Ginny R. Morriss, PhD
Baylor College of Medicine, U.S.
Mechanisms of Skeletal Muscle Wasting Caused by Expanded CUG Repeat RNA
In myotonic dystrophy, changes to the levels of two proteins, functional MBNL and CELF1, result in defects in expression and processing of RNA targeted by these proteins. Dr. Morriss’ research proposal, “Mechanisms of Skeletal Muscle Wasting Caused by Expanded CUG Repeat RNA”, is aimed at determining the role the protein CELF1 plays in progression of skeletal muscle wasting in DM by examining the extent to which muscle fiber defects and wasting can be reversed by CELF1 depletion (Aim 1) and to identify additional changes in gene expression and RNA processing and changes to signaling pathways that are important to skeletal muscle wasting (Aim 2). A detailed understanding of causes underlying muscle wasting may potentially aid in development of therapies with the hope of correcting muscle wasting in DM1 patients.
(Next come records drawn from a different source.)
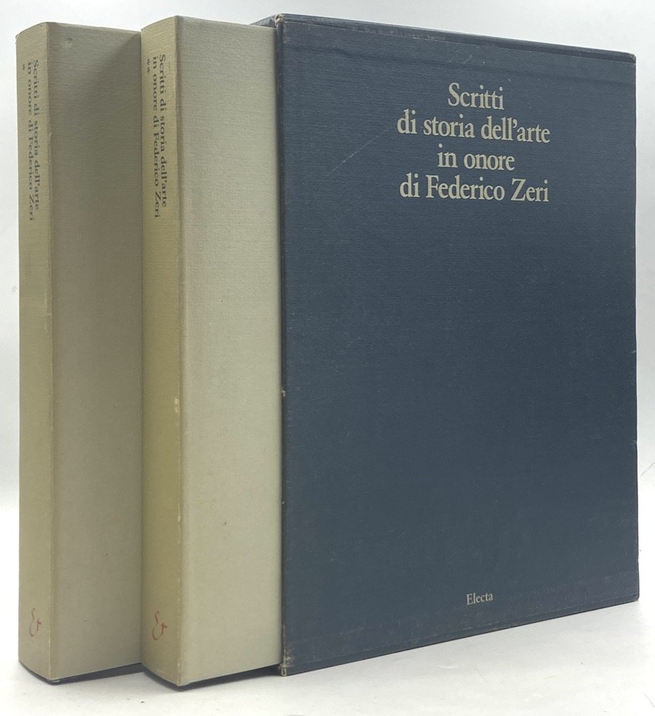 Due volumi in tela con sovraccoperta in cofanetto rigido, cm 28 x 22, pp 504 (4), (4) 513-941 (3), con numerose illustrazioni in nero. Corposa raccolta di contributi storico critici in onore di Federico Zeri, in italiano, inglese, francese e tedesco.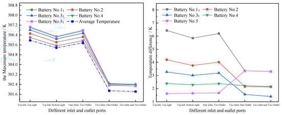 According to the temperature cloud maps of the batteries at different inlet–outlet ports, the lowest temperature in the first three schemes (upper left, upper right, upper left, lower right, and one inlet and two outlets) is concentrated at the inlet port in the upper left position. The higher the position to the right and lower, the higher the battery temperature; the latter two schemes (two in one out and two in two out) have the lowest temperature in the middle part of the upper left and lower left of the battery module. The further to the left middle or right, the higher the temperature. As shown in Figure 11, it is evident that the maximum temperature of Battery 1 is the lowest across all schemes, and the maximum temperature increases with an increase in the battery serial number. Therefore, Battery 5 has the maximum temperature; horizontally comparing the five different schemes, the highest temperature generated by the upper left and upper right scheme was 307.06 K, while the lowest temperature generated by the two in and two out scheme was 302.39 K. Of course, although the highest temperature of the two in and one out scheme was higher than that of the two in and two out scheme, the ratio was relatively close, with a difference of 0.08 K. From the average temperature, it can also be clearly seen that the two in and two out scheme produced the lowest average temperature, which was 301.82 K. From the temperature difference changes, the temperature difference in the first three schemes (upper left and upper right, upper left and lower right, and one in and two out) decreased from Battery 1 to Battery 5, with Battery 1 having the largest temperature difference, reaching 6.4 K. At 3 K, the temperature difference between Battery 1 and Battery 5 and Battery 2 and Battery 4 in the two in one out and two in two out schemes is relatively close, with Battery 3 having the smallest temperature difference. Among them, the temperature difference in the two in two out scheme is the smallest, at 1.4 K.
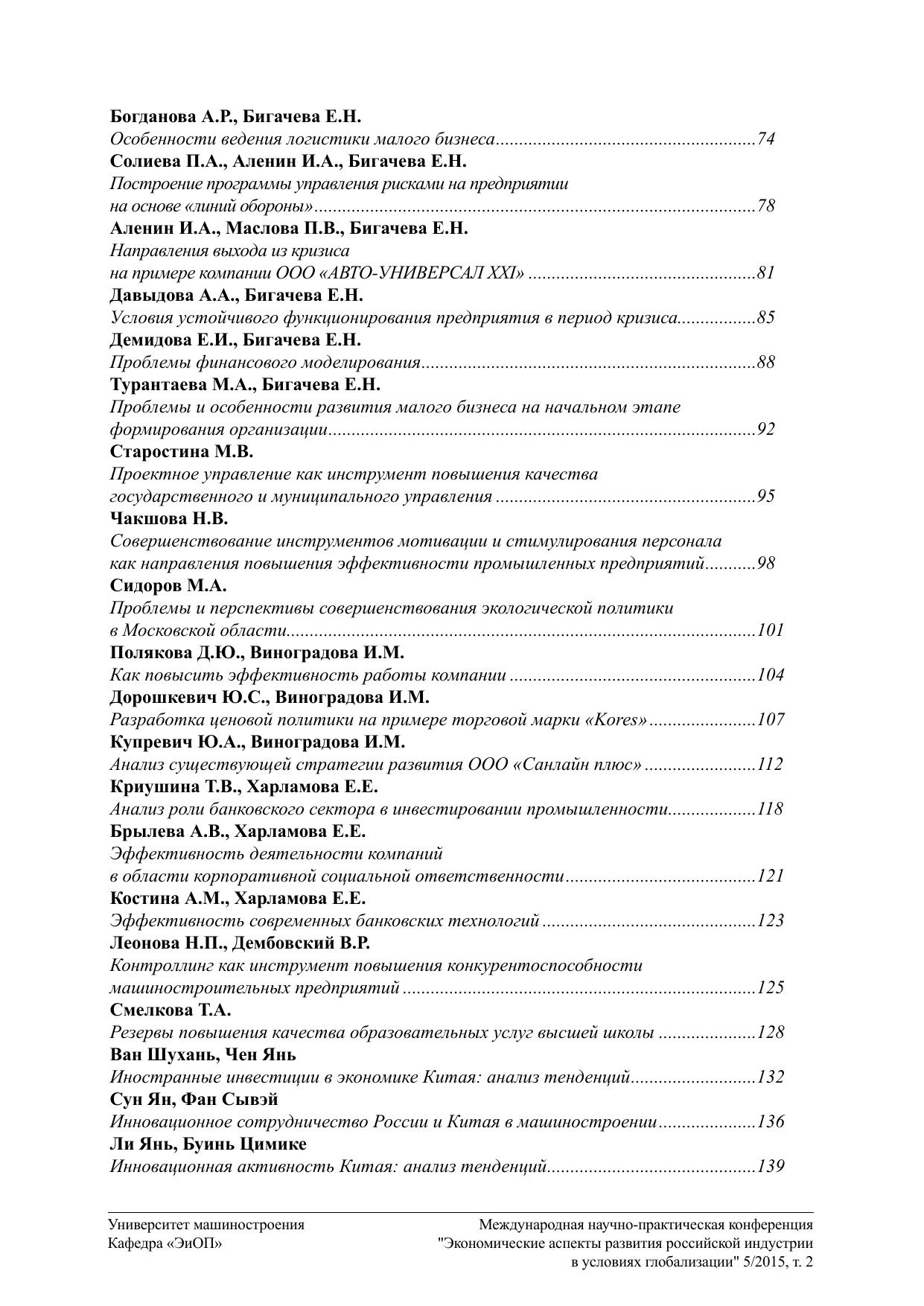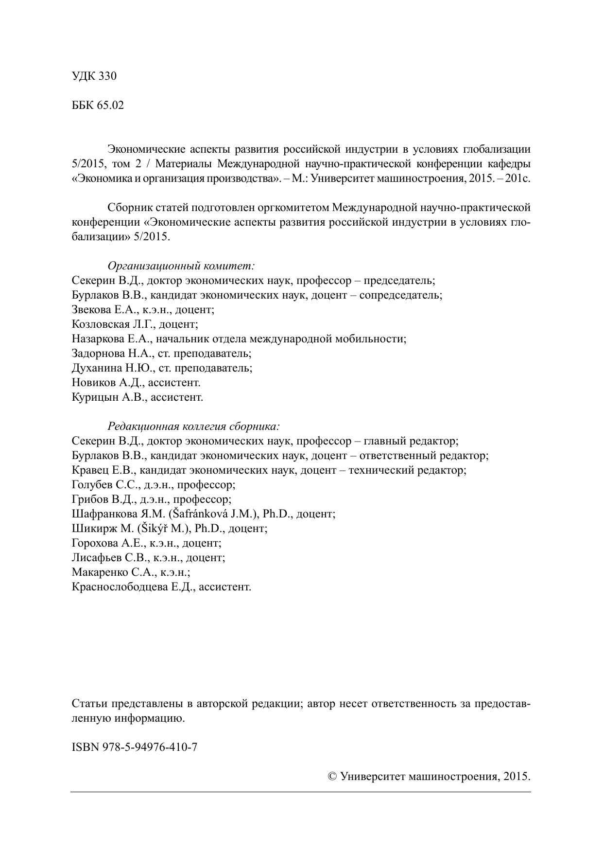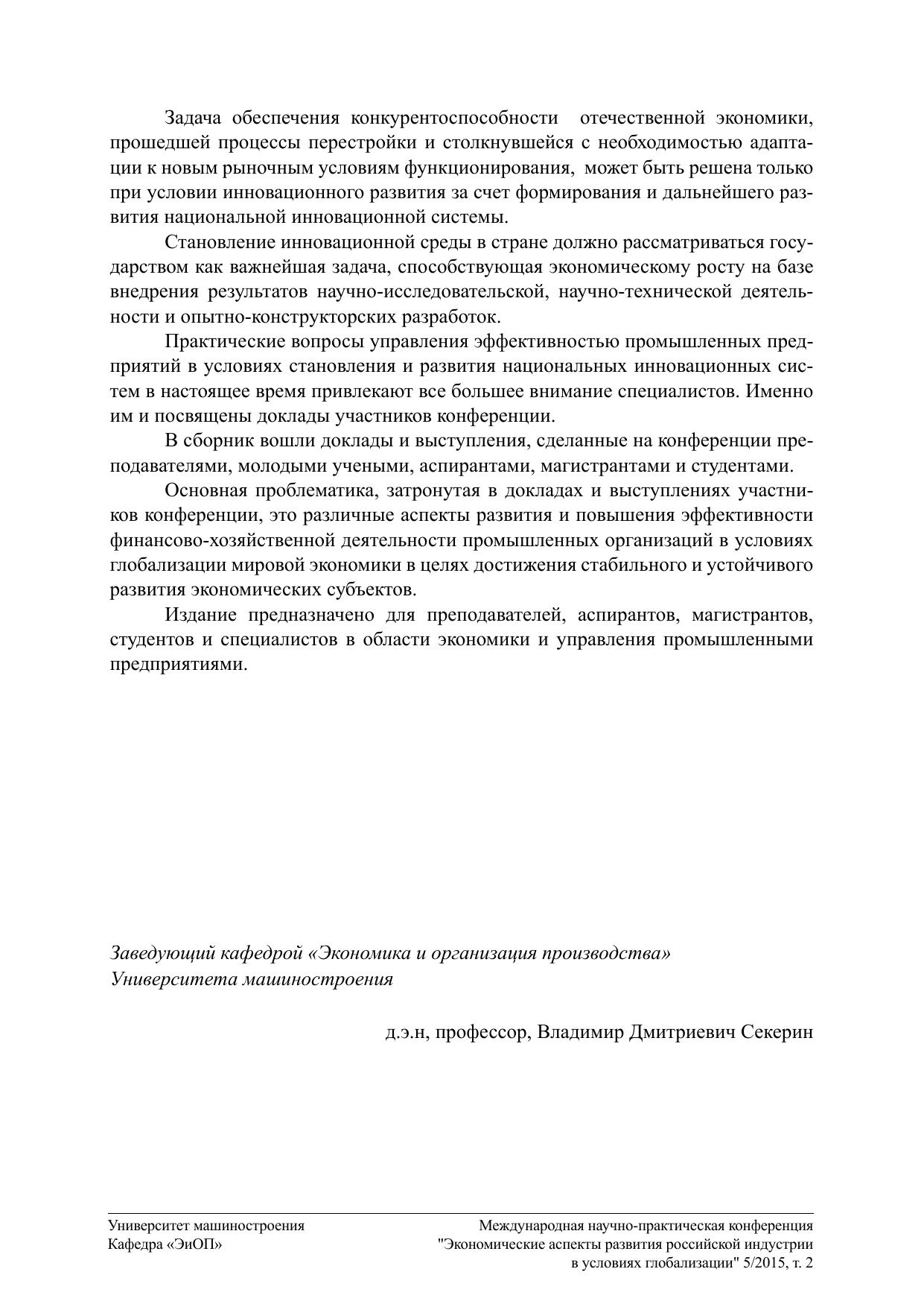 Экономические аспекты развития российской индустрии в условиях глобализации 5/2015. Том 2. Материалы Международной научно-практической конференции кафедры «Экономика и организация производства»

Laura Valentina Renna, PhD
IRCCS-Policlinico San Donato, Italy
A New Approach of Pathomolecular Mechanisms in Myotonic Dystrophy Insulin Resistance by Nutrigenomics
Dr. Renna’s research proposal, “A New Approach of Pathomolecular Mechanism in Myotonic Dystrophy Insulin Resistance by Nutrigenomics,” aims to investigate the mechanisms that induce insulin resistance in DM patients and whether these mechanisms may contribute to muscle weakness. The results will lead to the identification of novel biomarkers that could be targets for therapeutic intervention. Dr. Renna will also investigate the ability of natural insulin mimetic compounds that are important component of many foods to modify insulin resistance and muscle atrophy in DM.
Lukasz Sznajder, PhD
University of Florida, U.S.
Myotonic Dystrophy Type 2 - Mouse Models, Pathomechanism and Therapy
Dr. Sznajder, in his proposal “Myotonic Dystrophy Type 2: Mouse Models, Pathomechanism and Therapy”, plans to use recently developed techniques in genetic engineering to generate novel mouse models for DM2. These new mouse models will be thoroughly characterized to determine if they faithfully recapitulate DM2 disease manifestations and allow for the study of the molecular events that underlie DM2 disease progression. These DM2 mouse models will be employed to develop a therapy for DM2 based on drugs called antisense oligonucleotides, which are currently being tested in clinical trials for DM1.
Myotonic is also pleased to announce the following 2016 grant program:
Clinical Coordinators Recognition Program
Myotonic is funding a professional development and recognition program for clinical care coordinators and physical therapists at DMCRN and clinical trial sites. The goal is to create a coordinators' network and program through conference meetings, communications, education and training events, and networking calls.